Callaway Golf Company announced that, based on current information,  net sales for 2008 are expected to slip 0.7% to $1.117 billion from $1.125 billion in 2007. Consistent with recent earnings guidance, pro forma diluted earnings per share for 2008 are estimated to range from 93 cents to 95 cents a share (on 63.8 million shares outstanding), an increase of approximately 6% compared to pro forma diluted earnings per share of 89 cents in 2007 (on 67.5 million shares outstanding).


Pro forma earnings results for 2008 exclude a non-cash, non-operational after-tax benefit of 22 cents per share related to the reversal of a $19.9 million energy derivative valuation account established in 2001 in connection with the Company’s termination of a long-term energy supply contract. Pro forma results for 2008 and 2007 also exclude charges related to the company’s gross margin initiatives of 12 cents per share and 8 cents per share, respectively. Including these benefits and charges, reported earnings for 2008 are estimated to range from $1.03 to $1.05 per share, compared to 81 cents per share for 2007.

“Accounting rules have required that we maintain the energy derivative valuation account on our books until now,” said Brad Holiday, senior executive vice president and chief financial officer. “This is a one time, non-cash accounting benefit that does not relate to our operations during the period and was not included in our earnings guidance. We will provide pro forma results excluding this benefit, along with our reported results, to allow for a better comparison of our operational performance.”


Business Update


“We are pleased that we achieved year over year earnings growth in what was a very challenging 2008,” commented George Fellows, president and CEO of Callaway Golf. “These results reflect the efforts of everyone at Callaway Golf to control costs throughout the year, deliver our targeted gross margin savings, and leverage our supply chain to adjust to a rapid decline in worldwide economic conditions during the second half of the year.”
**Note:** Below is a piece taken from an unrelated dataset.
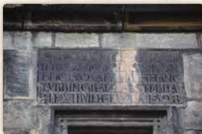
Pamětní deska na zvonici dosvědčuje její vysvěcení v roce 1598

Ke klášteru bosých karmelitánů kdysi patřila dodnes existující Seminářská zahrada. V jinošském věku do ní chodíval i Karel Hynek. Ovšem nevedla ho k tomu nostalgie po ztraceném dětství, jak by Vás možná napadlo. V dobách, kdy veřejně zpívat české písně nebylo bez rizika a ti, kteří tak činili, se vystavovali možnému postihu, si sem on a jeho spolustudenti chodili zapět v rodném jazyce.

“As we begin 2009, we are anticipating continued adverse global economic conditions and are encountering significant headwinds from unfavorable foreign currency exchange rates which we expect will have a significant effect on our international results in 2009,” continued Fellows. “Despite these macroeconomic conditions, which are beyond our control, our brands and our operations remain strong. We have our strongest line-up of new products ever for 2009, we continue to benefit from the many gross margin and operational initiatives we have implemented over the past three years, and we will continue to drive incremental gross margin savings as we embark on our next round of initiatives in 2009. Additionally, as we demonstrated in 2008, we will carefully manage our costs and inventories throughout the year and will take the necessary actions to maximize our financial results for our shareholders in whatever economic conditions persist.”